Friday, 8 November 2019

The GM effect?

Statistics Canada reported this morning that employment fell by 1800 in October -- a figure well within the sampling error for the series -- keeping the unemployment rate at 5.5 percent, just 0.1 percent above its all-time low.  The ever-unreliable analysts' consensus had expected a gain of about 16,000; since the numbers were released,  those self-same analysts have been noting that the pullback comes after very strong reports for August and September, implying that nobody should really have been surprised.

Isn't there another explanation?  The most significant job losses in October were in the manufacturing sector in Ontario, which reportedly shed 23,000 positions. The lengthy strike at GM in the United States led to widely-reported shutdowns at GM plants in Oshawa and St Catharines, both in that Province.  Almost all of the company's 7,600 employees in Canada were unemployed at precisely the time of StatsCan's monthly survey.  On the entirely reasonable assumption that parts companies that supply GM were also forced to make temporary layoffs, it's not hard to make the case that the October setback will be largely unwound in the November data, since the GM strike has now ended.

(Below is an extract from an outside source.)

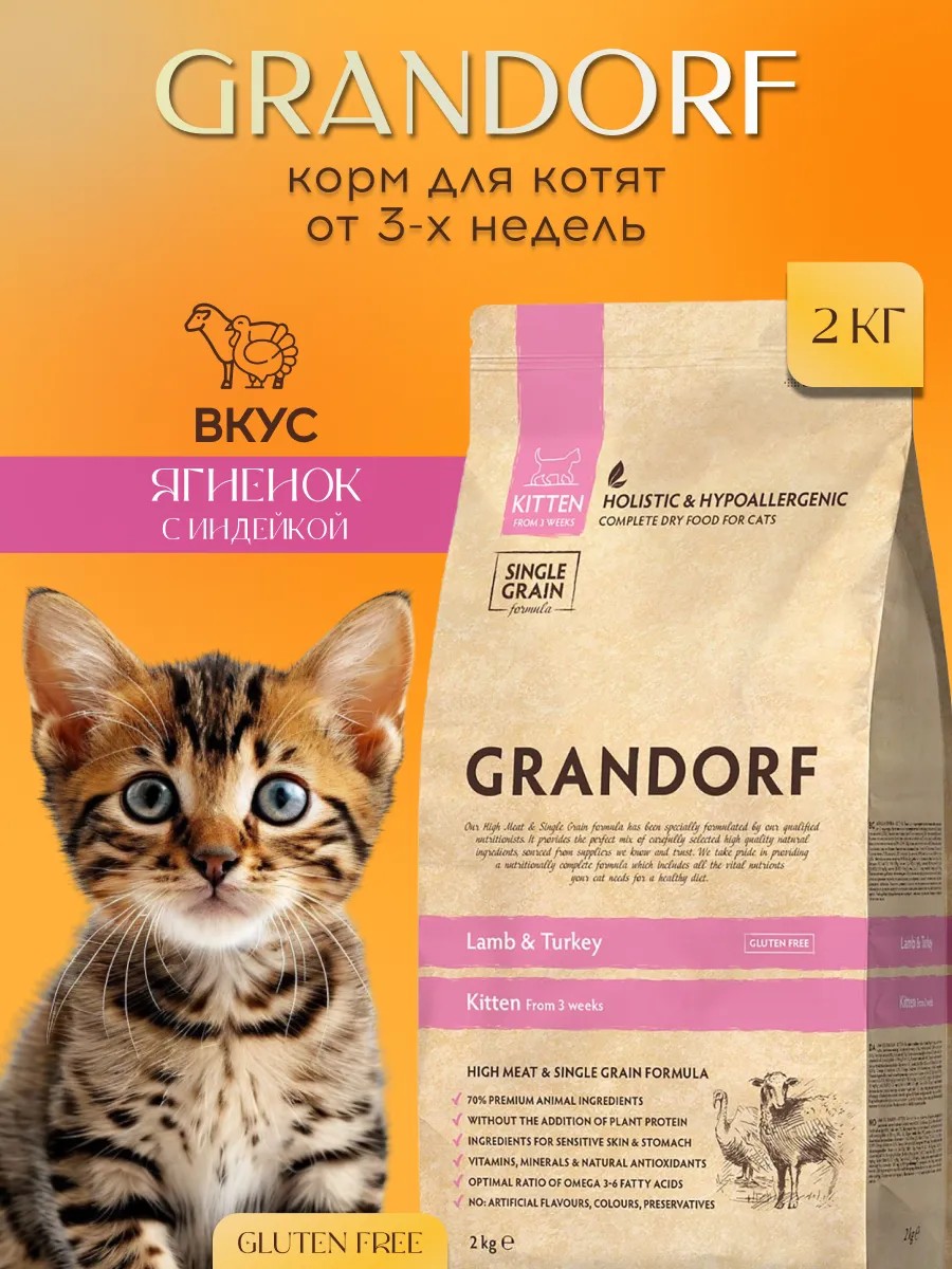 Grandorf Корм для котят сухой ягненок с индейкой 2 кг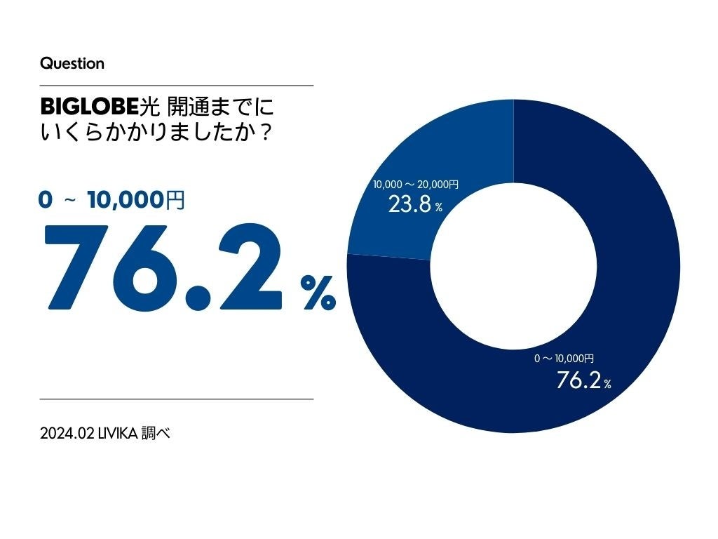 BIGLOBE光開通までにかかった費用について、「0~10,000円」が76.2%となり、「10,000~20,000円」が23.8%となりました。

I'm reluctant to be definitive about this because the StatsCan data release makes no mention of it, and none of the media outlets I have been able to check has picked up on it.  However, the corresponding US non-farms payrolls survey for October, released a week ago, provided details of the impact of the GM strike on its data, offering reassurance that the relatively low rise in payrolls was the result of this temporary factor rather than a worsening trend. It would be surprising if the same were not true, albeit to a lesser extent, here in Canada.

The November data should tell us whether I'm right or not, and I will 'fess up or brag accordingly when the data are released in early December.